# YOUR OBJECTIVE
Reproduce the lines below exactly. Begin with the first, end with the line containing "今日から給食提供開始です。今", and leave out the pictures.

# RECORDED DATA
§

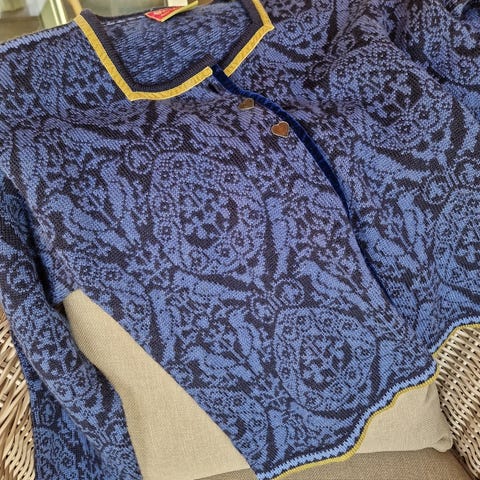 Brystmål under det ene ermet til neste erme er 54 cm. Lengden er 56 cm.
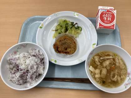 今日から給食提供開始です。今日の献立は、ゆかりごはん、松風焼き、野菜の昆布和え、よしの汁、牛乳です。なお今日の献立内容の変更がありました。松風焼きの鶏ひき肉が食材調達の都合により、豚ひき肉に変更になりました。ご了解の程よろしくお願いします。
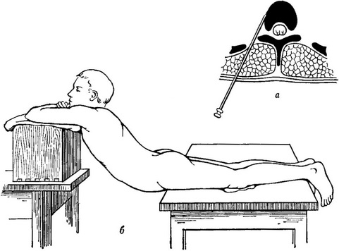 Рис. 55. Одномоментне розправлення компресійного перелому тіла нижніх грудних і поперекових хребців. а - схема введення голки для місцевого знеболювання перелому тіла хребця по Шнеку; б - положення хворого.
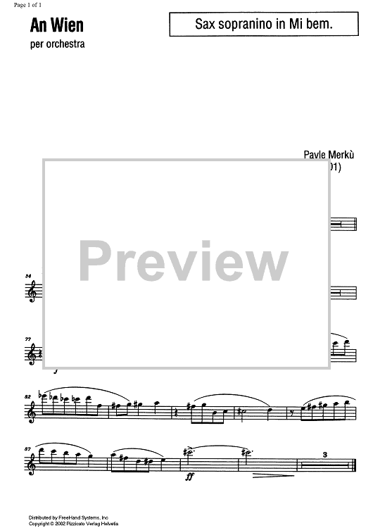 Digital Sheet Music for AnWien - Sopranino Saxophone by , Pavle Merkù scored for Orchestra; id:351114

§

# ANSWER SECTION
 Brystmål under det ene ermet til neste erme er 54 cm. Lengden er 56 cm.
 今日から給食提供開始です。今日の献立は、ゆかりごはん、松風焼き、野菜の昆布和え、よしの汁、牛乳です。なお今日の献立内容の変更がありました。松風焼きの鶏ひき肉が食材調達の都合により、豚ひき肉に変更になりました。ご了解の程よろしくお願いします。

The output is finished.